On a également privilégié des œuvres présentées à la remarquable exposition qui vient de se tenir, sous la direction de Michel Gauthier, du 17 février au 16 mai 2016 au Centre Georges Pompidou8 (65 œuvres). Notamment les Paysages découpés (1966-1967) qui ont connu un grand succès de curiosité et des tableaux réalisés depuis 2007 dans la série Le cœur fait ce qu’il veut, Cardiogramme – Peinture et Peinture – Monde. En particulier, le terriblement significatif Peinture – Monde, Carbon Black (2015) où l’on voit dans la partie supérieure, des gens déambuler paisiblement avec un gamin sur les épaules de son père, un autre dans une poussette, et, dans la partie inférieure, un radeau surchargé de silhouettes humaines. Toute ressemblance avec des faits réels comme des migrants en péril et des populations indifférentes, n’est, bien sûr, pas fortuite….

Alors, ces œuvres des deux frères, qu’ont-elles en commun ? À chaque regardeur de le découvrir ou de l’imaginer. Pour ma part, je soulignerai ce qui me paraît – si j’ose l’expression – un trait d’union entre les travaux de Gérard et Téno : les ronds de couleurs qui parsèment les œuvres des deux frères.

Exposition

Ronds lumineux, jubilatoires, ponctuation d’un amour de la vie. Et de la musique ! On l’a vu pour Téno mais on oublie trop souvent que Gérard, lui-aussi, est un adepte de la musique, du mouvement, de la danse : « J’ai toujours considéré l’existence comme une danse. L’idée de la danse m’habite en permanence »9. Et rappelons le Ballet de Lorraine dans « Hymnen », musique de Karlheinz Stockhausen, chorégraphie de Lia Rodrigues et Didier Deschamps, costumes et scénographie de….Gérard Fromanger. Un Fromanger plus coloriste que jamais, faisant vibrer les noir, blanc, bleu, vert, violet, rouge, orange, jaune, en résonnance parfaite avec la composition musicale de Stockhausen, tout à fait dansante, où se reconnaissent l’Internationale, des hymnes nationaux, des conversations en différentes langues. Un moment de pur bonheur incitant à la paix entre les peuples, à la joie de vivre, à l’amour…


Pierre BRANA


1 Cité par Bernard Blistène dans le catalogue de la rétrospective Jeff Koons au Centre Pompidou (26 novembre 2014 – 27 avril 2015).

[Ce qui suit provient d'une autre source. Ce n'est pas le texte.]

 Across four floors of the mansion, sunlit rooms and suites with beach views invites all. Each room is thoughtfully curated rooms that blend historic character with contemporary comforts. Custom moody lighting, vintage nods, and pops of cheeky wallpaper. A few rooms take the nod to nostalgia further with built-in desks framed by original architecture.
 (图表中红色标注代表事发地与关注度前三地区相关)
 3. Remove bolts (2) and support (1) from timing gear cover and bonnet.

2 Au lycée Pasteur, il avait le premier prix de dessin et le premier prix de musique.

3 « Ceci n’est pas un musée » - Quand les arts visuels dialoguent avec la danse, la poésie, la musique – une exposition du 29 novembre 2014 au 15 mars 2015, dans le cadre du cinquantième anniversaire de la Fondation Marguerite et Aimé Maeght à Saint-Paul de Vence, avec Jean-Charles Blais, Christian Bonnefoi, Pascal Broccolichi, Marco Del Re, Damien Deroubaix, Claudine Drai, Lars Fredrikson, Gérard Fromanger, Jörg Immendorff, Ladislas Kijno, Alain Lestié, Joan Miró, Pablo Picasso, François Rouan, Hélène Vanel.

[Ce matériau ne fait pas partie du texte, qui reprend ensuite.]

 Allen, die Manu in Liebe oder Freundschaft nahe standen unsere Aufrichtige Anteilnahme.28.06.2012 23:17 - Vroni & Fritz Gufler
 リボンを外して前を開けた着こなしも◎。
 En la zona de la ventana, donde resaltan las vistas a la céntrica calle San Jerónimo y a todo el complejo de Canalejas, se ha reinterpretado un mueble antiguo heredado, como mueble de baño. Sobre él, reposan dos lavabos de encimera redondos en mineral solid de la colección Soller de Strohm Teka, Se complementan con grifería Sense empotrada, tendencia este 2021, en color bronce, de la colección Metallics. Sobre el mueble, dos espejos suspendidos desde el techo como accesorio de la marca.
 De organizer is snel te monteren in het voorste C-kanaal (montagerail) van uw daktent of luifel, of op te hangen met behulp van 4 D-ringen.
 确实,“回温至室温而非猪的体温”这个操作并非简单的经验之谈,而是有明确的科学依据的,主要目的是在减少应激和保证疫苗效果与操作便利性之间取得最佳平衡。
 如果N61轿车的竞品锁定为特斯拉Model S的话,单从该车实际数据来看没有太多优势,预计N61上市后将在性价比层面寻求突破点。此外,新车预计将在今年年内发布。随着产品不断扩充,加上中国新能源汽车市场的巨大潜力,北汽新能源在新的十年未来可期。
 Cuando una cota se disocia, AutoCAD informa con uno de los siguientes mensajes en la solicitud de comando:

4 Alexandra Calder, Animal Sketching, 1926.

5 J’avais lu avec plaisir son article caustique dans Libération, me souvenant de mes vives controverses avec les maoïstes au sein du PSU.

6 Un rhizome, dit le dictionnaire, est une tige souterraine, horizontale et vivace, dont la face inférieure émet des racines adventives, et la face supérieure, une ou plusieurs pousses aériennes chaque année.

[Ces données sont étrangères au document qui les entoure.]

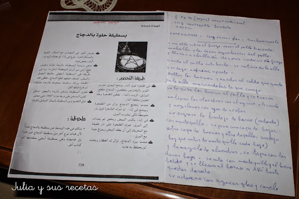 Pero sobre todo porque esta receta de pastela me la dio la mamá de uno de los alumnos de mi marido, pero...no os riáis... me dio la receta en su idioma...con lo que tuve que pedir la traducción a una de las alumnas de 6º... ademas las cantidades eras muy grandes, me tocó reducirlas... que me perdonen si no quedó exactamente como en la receta, aún así quedó deliciosa, ¡¡Gracias a las dos!!
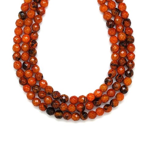 Achát hőkezelt fazettált narancs golyó 6mm– ékszerkészítő alapanyag (füzér)
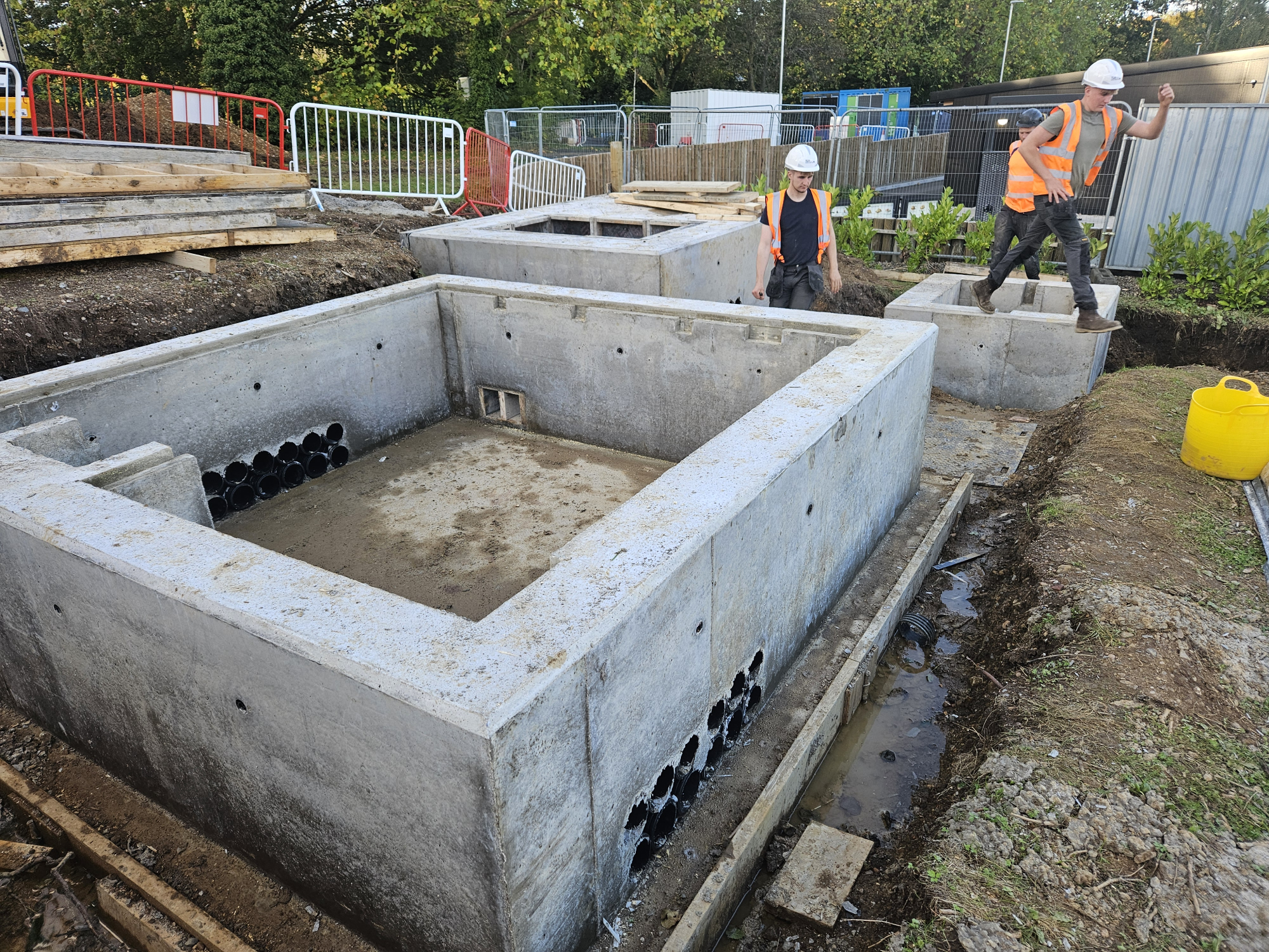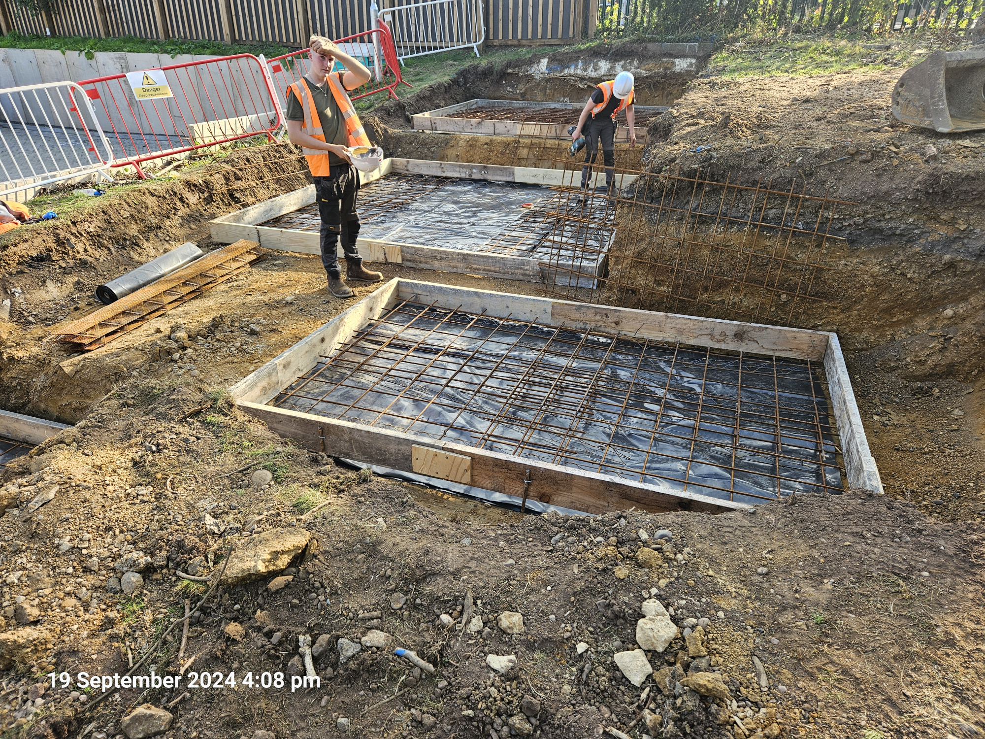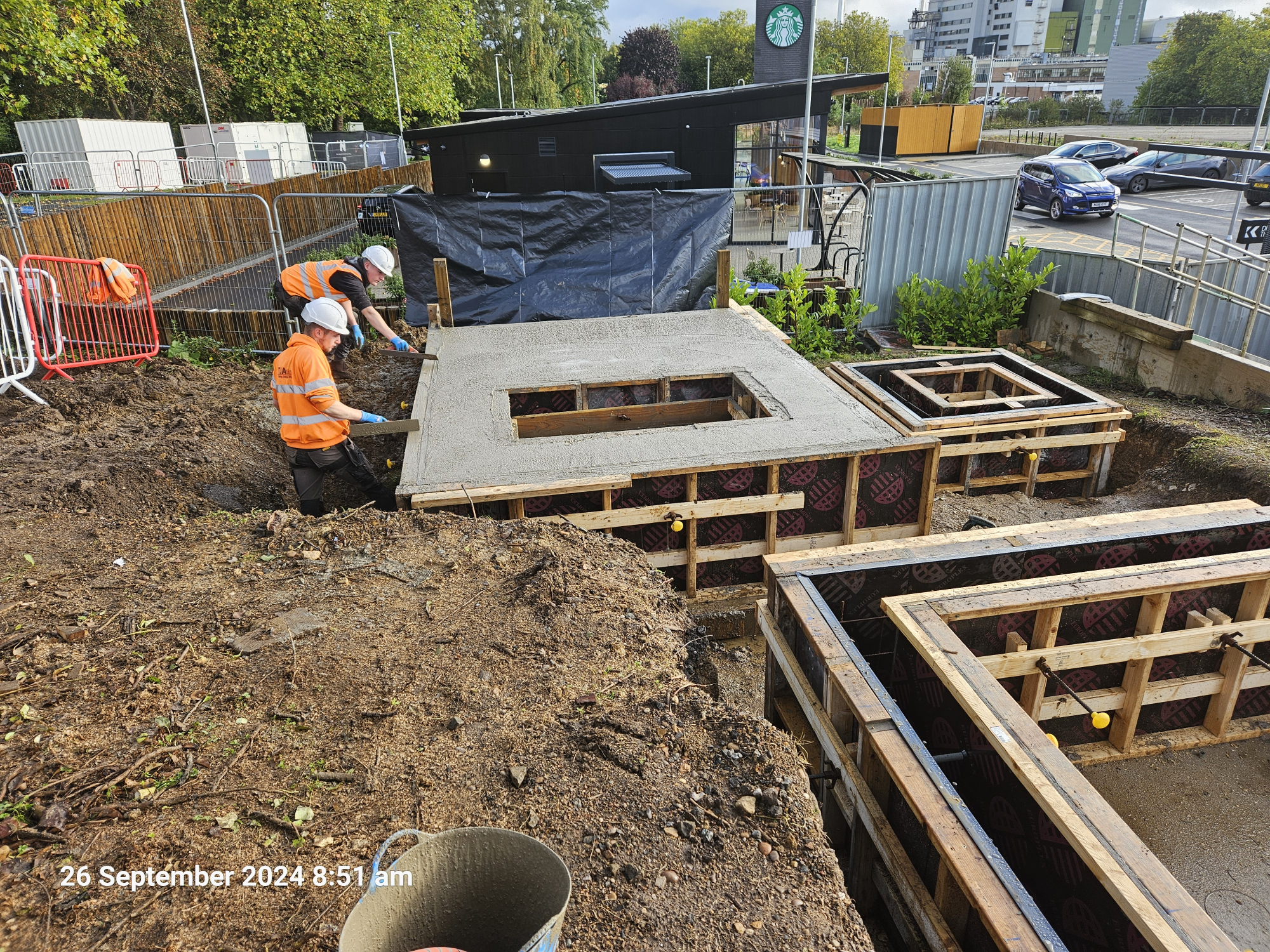 TJ Atkin Ltd were responsible for the construction of four in-situ reinforced concrete foundation bases, built to third-party design and quality specifications. These formed the structural foundations for both the charging units and the solar canopy.

7 Gérard Fromanger, Rétrospective 1962-2007, du 13 septembre au 10 novembre 2007 au Château Lescombes.

En 2012, nouvelle rétrospective. Gérard Fromanger inaugure les Capucins de Landerneau avec l’exposition Périodisation 1962-2012 où figurent, en 172 tableaux, la plupart des séries de 1962 à 2007 plus les nouvelles : Bastilles-Dérives (2007-2008) et La couleur dans tous ses états (2011)

8 J’y ai découvert les portraits de la nouvelle série Splendeurs IV, dont un autoportrait, et enfin vu le Film-Tract n° 1968 de Jean-Luc Godard.

9 Cité par Serge July dans Fromanger, Cercle d’art, 2002, et repris dans Gérard Fromanger, Paroles d’Artiste, 2016, Fage éditions.